WTI futures are poised to open at $50.83, down 67 cents from Friday’s close.
North American Rail Traffic
Week Ending October 18, 2025
The Association of American Railroads (AAR) reported total U.S. rail traffic for the week ending October 18, 2025, at 497,854 carloads and intermodal units, down -2.6% compared with the same week last year. Total carloads for the week were 224,244, up 0.3%, while weekly intermodal volume totaled 273,610 containers and trailers, down -4.8% year-over-year.
Five of the ten major carload commodity groups posted gains compared with the same week in 2024. The largest increases were seen in nonmetallic minerals, up 3,253 carloads to 33,517; metallic ores and metals, up 1,461 carloads to 20,355; and chemicals, up 970 carloads to 32,046. Declines were led by grain, down 2,364 carloads to 21,011; miscellaneous carloads, down 1,521 to 8,413; and coal, down 1,057 to 57,604.
For the first forty-two weeks of 2025, U.S. railroads reported a cumulative volume of 9,326,053 carloads, up 2.0% compared with the same period last year. Intermodal shipments reached 11,399,777 units, an increase of 3.2% year-over-year. Combined U.S. rail traffic through the same period totaled 20,725,830 carloads and intermodal units, up 2.7% versus 2024.
Across North America, total rail traffic for the week ending October 18, 2025, amounted to 688,783 carloads and intermodal units, down 1.0% compared with last year. Carloads were unchanged at 330,151, while intermodal units fell 1.9% to 358,632. For the first forty-two weeks of the year, total North American rail volume reached 28,533,333 units, up 2.2% from 2024.

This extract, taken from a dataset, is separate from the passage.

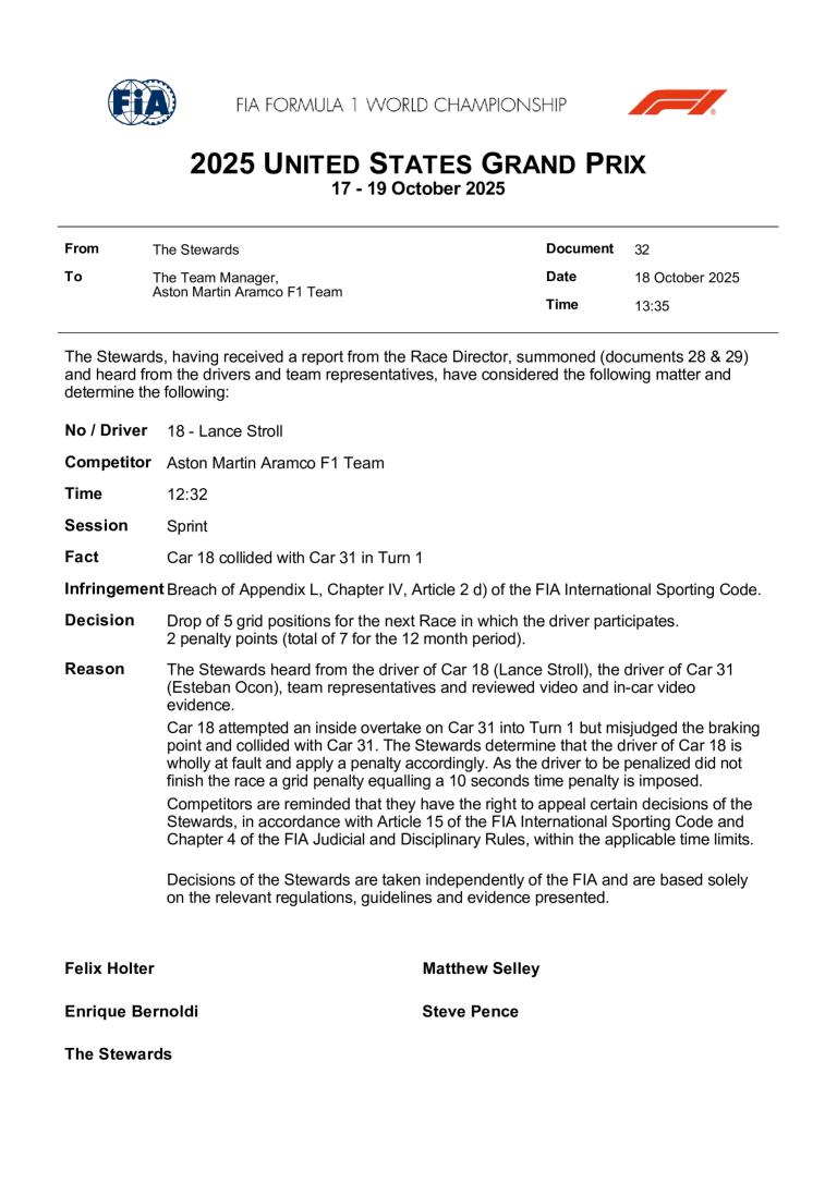 Les commissaires du Grand Prix des États-Unis ont infligé une pénalité à Lance Stroll pour sa responsabilité dans la collision avec Esteban Ocon lors du Sprint. L'incident, survenu au virage 1, avait entraîné l'abandon des deux pilotes et provoqué la deuxième intervention de la voiture de sécurité.

In Canada, total rail traffic for the week was 163,238 carloads and intermodal units, with carloads down -2.9% to 92,310 and intermodal traffic up +5.2% to 70,928. Cumulative Canadian rail traffic through week forty-two stood at 6,802,397 units, up 1.9% year-over-year.
In Mexico, rail traffic remained notably strong. Mexican railroads reported 13,597 carloads, up 19.2%, and 14,094 intermodal units, up 33.9% compared with the same week in 2024. Total weekly traffic in Mexico reached 27,691 units, up 26.2%. Despite these gains, cumulative Mexican rail volume through the first forty-two weeks of 2025 totaled 1,005,106 units, down 4.4% from the same point last year.
Source Data: AAR – PFL Analytics
North American Rig Count Summary
Rig Count
North American rig count was up by +3 rigs week-over-week. The US rig count was up by +2 rigs week-over-week, but down by -35 rigs year-over-year. The U.S. currently has 550 active rigs. Canada’s rig count was up by +1 rig week-over-week but down by -17 rigs year-over-year. Canada currently has 199 active rigs. Overall, year-over-year we are down by -52 rigs collectively.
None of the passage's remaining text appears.